*** Source material ***

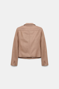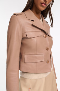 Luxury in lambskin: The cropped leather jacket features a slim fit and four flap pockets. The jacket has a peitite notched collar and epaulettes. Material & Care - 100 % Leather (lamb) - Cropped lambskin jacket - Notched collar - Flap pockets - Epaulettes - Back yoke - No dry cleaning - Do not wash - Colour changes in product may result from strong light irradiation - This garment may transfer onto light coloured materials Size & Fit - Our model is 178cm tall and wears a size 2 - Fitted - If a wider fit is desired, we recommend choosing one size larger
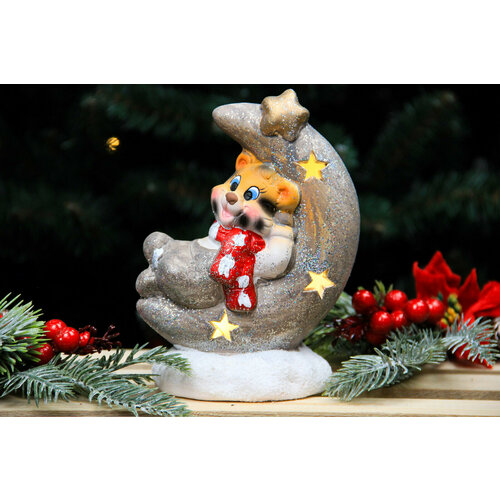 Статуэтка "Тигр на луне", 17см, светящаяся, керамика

***
*** Source material ***

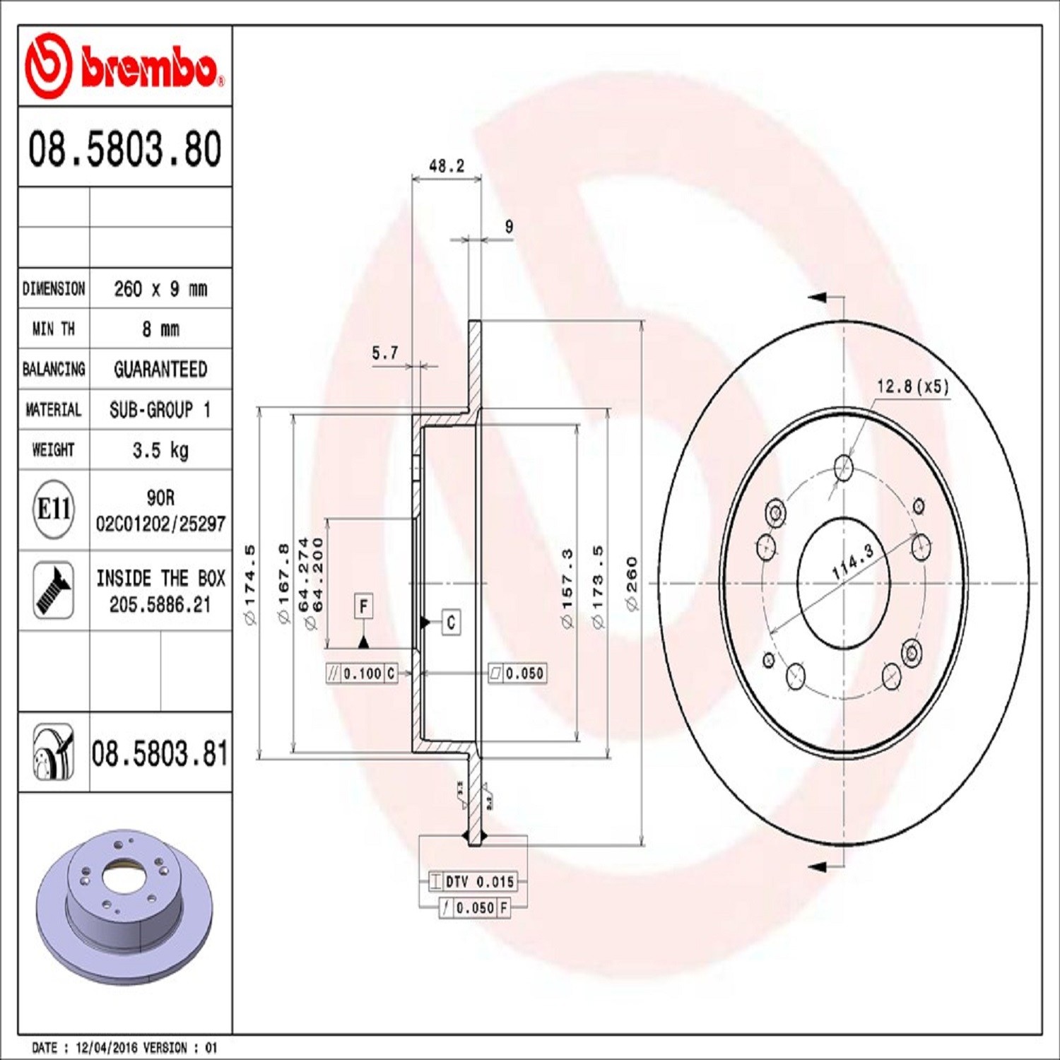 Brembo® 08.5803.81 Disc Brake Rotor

***

* [Instructions to follow] For this exercise, return exactly the lines above from the line with "Luxury in lambskin: The" through the line with "17см, светящаяся, керамика", both included. Do not copy the pictures.

* [Answer to this task]
 Luxury in lambskin: The cropped leather jacket features a slim fit and four flap pockets. The jacket has a peitite notched collar and epaulettes. Material & Care - 100 % Leather (lamb) - Cropped lambskin jacket - Notched collar - Flap pockets - Epaulettes - Back yoke - No dry cleaning - Do not wash - Colour changes in product may result from strong light irradiation - This garment may transfer onto light coloured materials Size & Fit - Our model is 178cm tall and wears a size 2 - Fitted - If a wider fit is desired, we recommend choosing one size larger
 Статуэтка "Тигр на луне", 17см, светящаяся, керамика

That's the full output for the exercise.